- Work to complete
The listing below holds a line with "特點 1. 省空間:縱深3.38mm" and a later line with "A woman came". Write out those two lines and every line between them, exactly, and nothing else.

- Record set
--- START ---

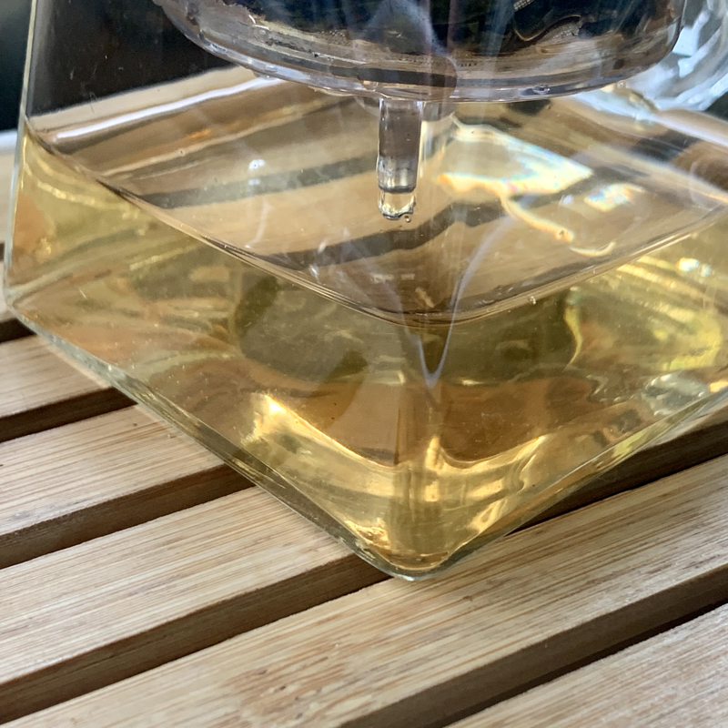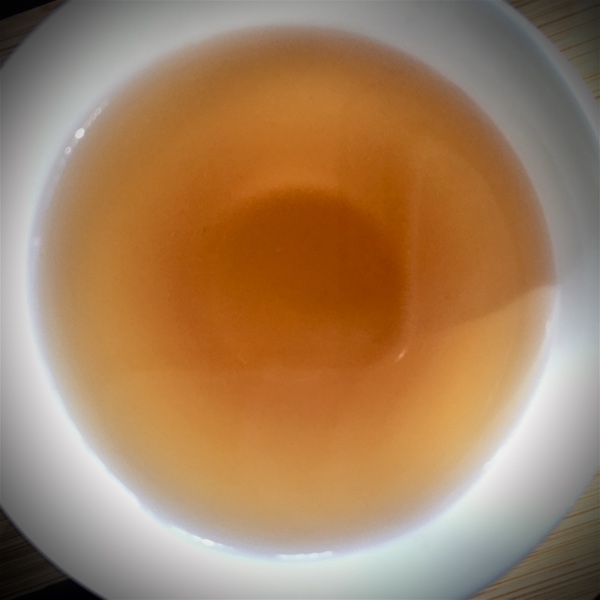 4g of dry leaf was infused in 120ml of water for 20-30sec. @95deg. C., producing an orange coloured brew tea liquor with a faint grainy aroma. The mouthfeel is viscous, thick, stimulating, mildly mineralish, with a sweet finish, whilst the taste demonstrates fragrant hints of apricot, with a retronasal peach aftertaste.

--- END ---
--- START ---

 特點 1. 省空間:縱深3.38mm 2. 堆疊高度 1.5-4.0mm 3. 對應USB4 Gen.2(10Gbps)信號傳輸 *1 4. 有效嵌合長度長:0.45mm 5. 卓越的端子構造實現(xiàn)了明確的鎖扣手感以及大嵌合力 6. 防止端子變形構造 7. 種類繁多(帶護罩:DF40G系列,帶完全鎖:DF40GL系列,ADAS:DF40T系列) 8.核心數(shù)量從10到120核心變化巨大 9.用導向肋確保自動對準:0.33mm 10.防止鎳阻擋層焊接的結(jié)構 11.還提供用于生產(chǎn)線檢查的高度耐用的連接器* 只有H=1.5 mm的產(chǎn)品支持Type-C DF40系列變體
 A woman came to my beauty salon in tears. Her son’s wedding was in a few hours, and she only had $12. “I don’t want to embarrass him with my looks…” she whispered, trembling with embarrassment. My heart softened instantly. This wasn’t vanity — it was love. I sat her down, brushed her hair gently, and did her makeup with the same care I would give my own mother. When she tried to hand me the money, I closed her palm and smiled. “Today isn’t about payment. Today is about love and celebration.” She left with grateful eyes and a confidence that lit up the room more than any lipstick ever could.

--- END ---

- Task response
 特點 1. 省空間:縱深3.38mm 2. 堆疊高度 1.5-4.0mm 3. 對應USB4 Gen.2(10Gbps)信號傳輸 *1 4. 有效嵌合長度長:0.45mm 5. 卓越的端子構造實現(xiàn)了明確的鎖扣手感以及大嵌合力 6. 防止端子變形構造 7. 種類繁多(帶護罩:DF40G系列,帶完全鎖:DF40GL系列,ADAS:DF40T系列) 8.核心數(shù)量從10到120核心變化巨大 9.用導向肋確保自動對準:0.33mm 10.防止鎳阻擋層焊接的結(jié)構 11.還提供用于生產(chǎn)線檢查的高度耐用的連接器* 只有H=1.5 mm的產(chǎn)品支持Type-C DF40系列變體
 A woman came to my beauty salon in tears. Her son’s wedding was in a few hours, and she only had $12. “I don’t want to embarrass him with my looks…” she whispered, trembling with embarrassment. My heart softened instantly. This wasn’t vanity — it was love. I sat her down, brushed her hair gently, and did her makeup with the same care I would give my own mother. When she tried to hand me the money, I closed her palm and smiled. “Today isn’t about payment. Today is about love and celebration.” She left with grateful eyes and a confidence that lit up the room more than any lipstick ever could.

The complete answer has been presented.